Author: Nicholas M. Katz
Publisher: Princeton University Press
Published: 2005-10-02
Total Pages: 492
ISBN-13: 9780691123301
DOWNLOAD EBOOKIt is now some thirty years since Deligne first proved his general equidistribution theorem, thus establishing the fundamental result governing the statistical properties of suitably "pure" algebro-geometric families of character sums over finite fields (and of their associated L-functions). Roughly speaking, Deligne showed that any such family obeys a "generalized Sato-Tate law," and that figuring out which generalized Sato-Tate law applies to a given family amounts essentially to computing a certain complex semisimple (not necessarily connected) algebraic group, the "geometric monodromy group" attached to that family.
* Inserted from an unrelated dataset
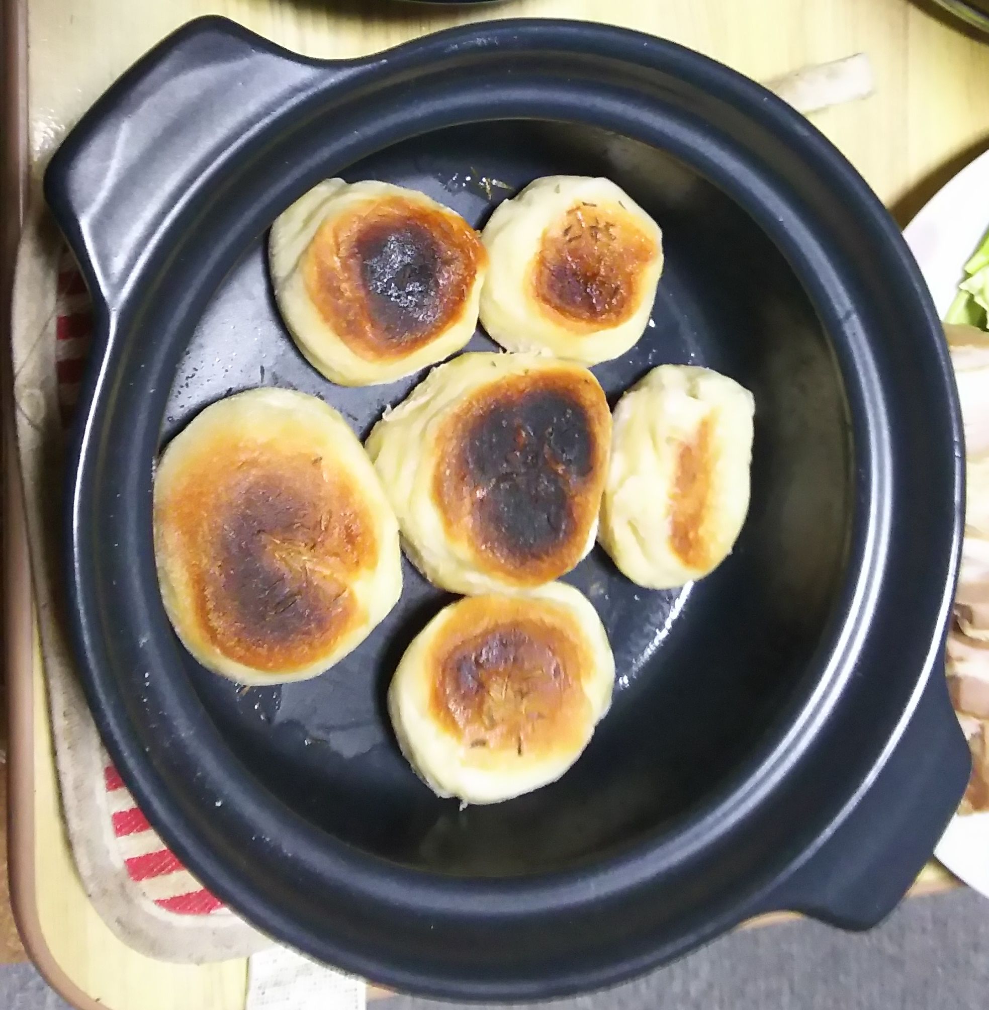この試作で土鍋パンの状況が理解出来ました。土鍋の底板はそれなりの高温になるのですが、側面と蓋の部分は加熱直後なら高温にはほど遠いです。その為にパン生地の水分がここに析出するので、パンを焼く環境としては良くないでしょう。レシピもパン生地を裏返す工程を入れており、この問題への対処でした。

Up to now, nearly all techniques for determining geometric monodromy groups have relied, at least in part, on local information. In Moments, Monodromy, and Perversity, Nicholas Katz develops new techniques, which are resolutely global in nature. They are based on two vital ingredients, neither of which existed at the time of Deligne's original work on the subject. The first is the theory of perverse sheaves, pioneered by Goresky and MacPherson in the topological setting and then brilliantly transposed to algebraic geometry by Beilinson, Bernstein, Deligne, and Gabber. The second is Larsen's Alternative, which very nearly characterizes classical groups by their fourth moments. These new techniques, which are of great interest in their own right, are first developed and then used to calculate the geometric monodromy groups attached to some quite specific universal families of (L-functions attached to) character sums over finite fields.